Work order.
Your reply should set down word for word each line below from the one with "Ответ на задание" through the final line, both included, but none of the pictures.

Data block.
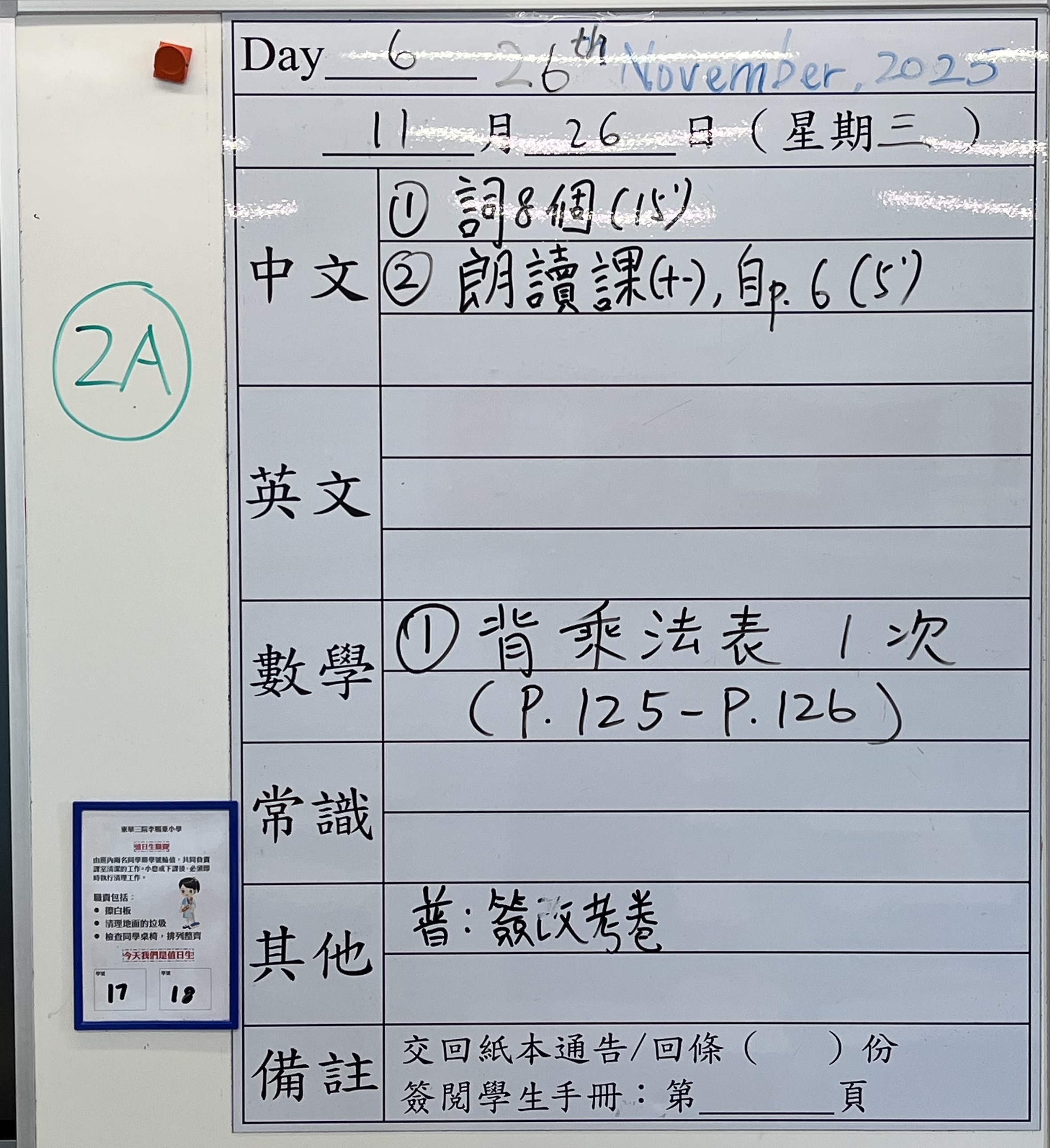 小一小二家課日誌
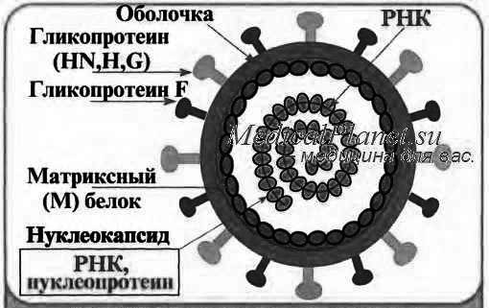 Компоненты вирусной оболочки включают М-белок на внутренней поверхности, а также Н- и F-белки на наружной поверхности. С помощью белка Н вирус прикрепляется к поверхности клетки. F-белок обеспечивает слияние вирусной и клеточной мембран, способствуя пенетрации вируса и разрушению клетки (рис. 1).
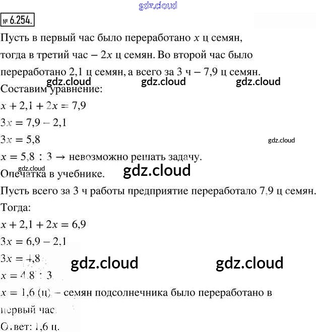 Ответ на задание 6.254 Учебник Математика за 5 (пятый) класс Виленкин, Жохов, Чесноков, Александрова, Шварцбурд 2021 Часть 2
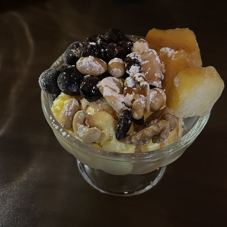 망고셔벗은 블루베리, 견과류, 망고가 올라간다

Solved problem.
 Ответ на задание 6.254 Учебник Математика за 5 (пятый) класс Виленкин, Жохов, Чесноков, Александрова, Шварцбурд 2021 Часть 2
 망고셔벗은 블루베리, 견과류, 망고가 올라간다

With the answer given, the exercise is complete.